**Data supplied:**

■ ■ ■

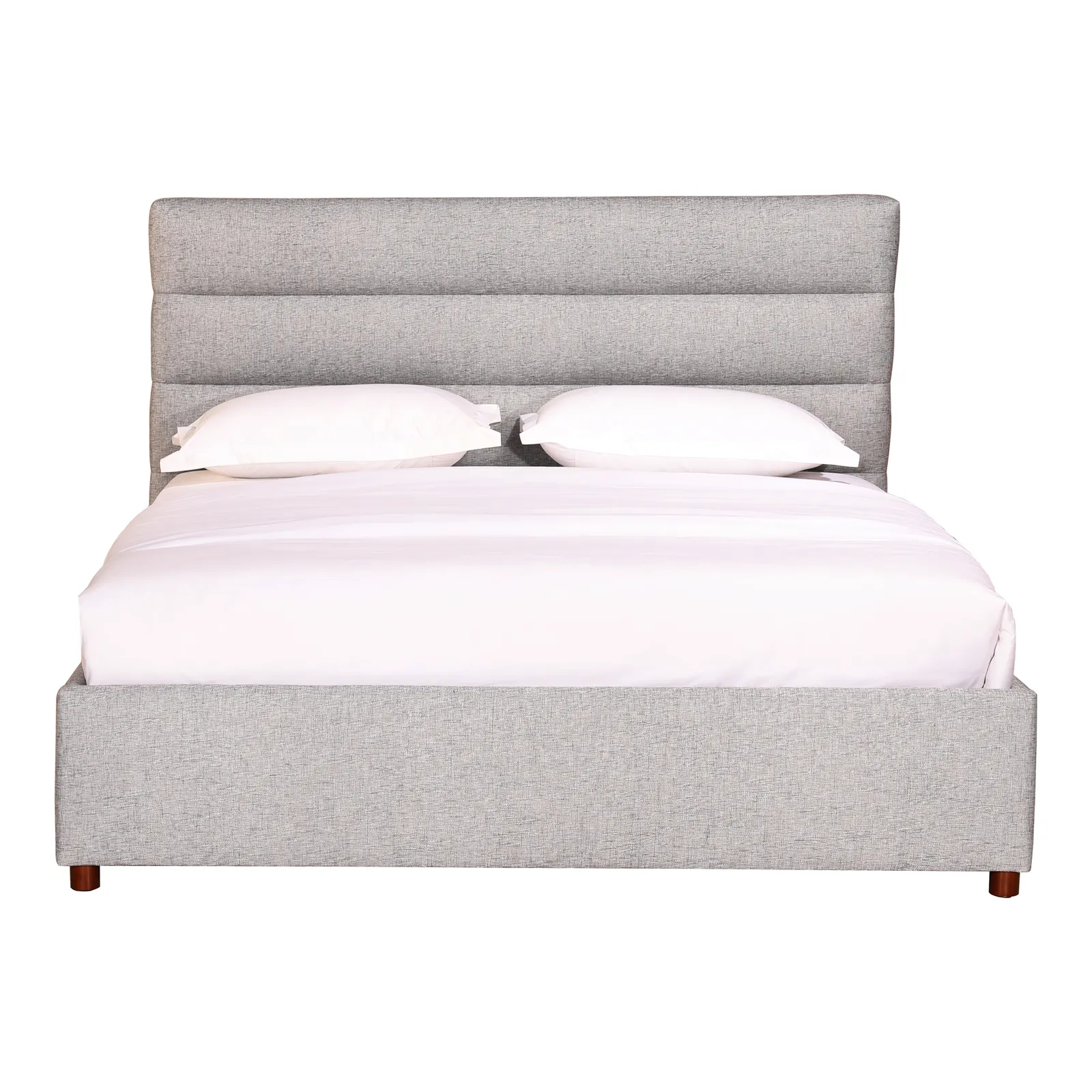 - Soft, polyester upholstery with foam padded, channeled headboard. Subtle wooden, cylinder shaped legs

■ ■ ■

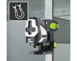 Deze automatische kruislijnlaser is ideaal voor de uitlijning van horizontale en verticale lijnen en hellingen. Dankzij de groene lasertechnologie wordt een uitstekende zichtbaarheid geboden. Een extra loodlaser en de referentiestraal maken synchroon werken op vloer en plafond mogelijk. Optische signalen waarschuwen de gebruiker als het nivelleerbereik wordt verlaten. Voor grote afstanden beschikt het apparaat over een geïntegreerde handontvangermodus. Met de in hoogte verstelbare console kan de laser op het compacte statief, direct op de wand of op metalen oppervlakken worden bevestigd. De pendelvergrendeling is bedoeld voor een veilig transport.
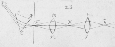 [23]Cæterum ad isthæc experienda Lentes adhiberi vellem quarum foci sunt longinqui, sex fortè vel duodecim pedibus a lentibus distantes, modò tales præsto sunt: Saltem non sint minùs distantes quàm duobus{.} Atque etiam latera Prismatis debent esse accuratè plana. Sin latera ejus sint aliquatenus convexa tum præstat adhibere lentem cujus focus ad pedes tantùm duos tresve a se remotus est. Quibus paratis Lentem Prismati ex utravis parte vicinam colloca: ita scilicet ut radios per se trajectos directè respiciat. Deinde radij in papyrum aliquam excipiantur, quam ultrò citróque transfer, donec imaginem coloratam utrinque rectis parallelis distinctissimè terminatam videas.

■ ■ ■

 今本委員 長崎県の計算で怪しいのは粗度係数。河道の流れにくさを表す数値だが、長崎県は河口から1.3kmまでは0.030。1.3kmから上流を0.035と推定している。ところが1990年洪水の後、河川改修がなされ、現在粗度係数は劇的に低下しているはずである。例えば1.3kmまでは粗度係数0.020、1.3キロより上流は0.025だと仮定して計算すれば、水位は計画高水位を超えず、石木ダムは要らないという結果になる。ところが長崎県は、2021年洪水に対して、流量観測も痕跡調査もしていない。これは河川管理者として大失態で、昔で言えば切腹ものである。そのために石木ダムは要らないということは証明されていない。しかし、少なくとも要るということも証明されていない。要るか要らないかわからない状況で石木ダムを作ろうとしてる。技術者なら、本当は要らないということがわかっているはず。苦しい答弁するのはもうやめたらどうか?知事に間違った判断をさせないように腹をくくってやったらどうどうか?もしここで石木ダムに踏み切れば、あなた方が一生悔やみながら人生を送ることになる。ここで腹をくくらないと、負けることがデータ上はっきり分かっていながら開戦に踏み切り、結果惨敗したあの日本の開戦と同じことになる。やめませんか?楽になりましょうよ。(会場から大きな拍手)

■ ■ ■

What lines above run from the one with "Deze automatische kruislijnlaser" to the one with "[23]Cæterum ad isthæc"? Give them again exactly, ends included, and leave the pictures out.

**Solution for this task:**
 Deze automatische kruislijnlaser is ideaal voor de uitlijning van horizontale en verticale lijnen en hellingen. Dankzij de groene lasertechnologie wordt een uitstekende zichtbaarheid geboden. Een extra loodlaser en de referentiestraal maken synchroon werken op vloer en plafond mogelijk. Optische signalen waarschuwen de gebruiker als het nivelleerbereik wordt verlaten. Voor grote afstanden beschikt het apparaat over een geïntegreerde handontvangermodus. Met de in hoogte verstelbare console kan de laser op het compacte statief, direct op de wand of op metalen oppervlakken worden bevestigd. De pendelvergrendeling is bedoeld voor een veilig transport.
 [23]Cæterum ad isthæc experienda Lentes adhiberi vellem quarum foci sunt longinqui, sex fortè vel duodecim pedibus a lentibus distantes, modò tales præsto sunt: Saltem non sint minùs distantes quàm duobus{.} Atque etiam latera Prismatis debent esse accuratè plana. Sin latera ejus sint aliquatenus convexa tum præstat adhibere lentem cujus focus ad pedes tantùm duos tresve a se remotus est. Quibus paratis Lentem Prismati ex utravis parte vicinam colloca: ita scilicet ut radios per se trajectos directè respiciat. Deinde radij in papyrum aliquam excipiantur, quam ultrò citróque transfer, donec imaginem coloratam utrinque rectis parallelis distinctissimè terminatam videas.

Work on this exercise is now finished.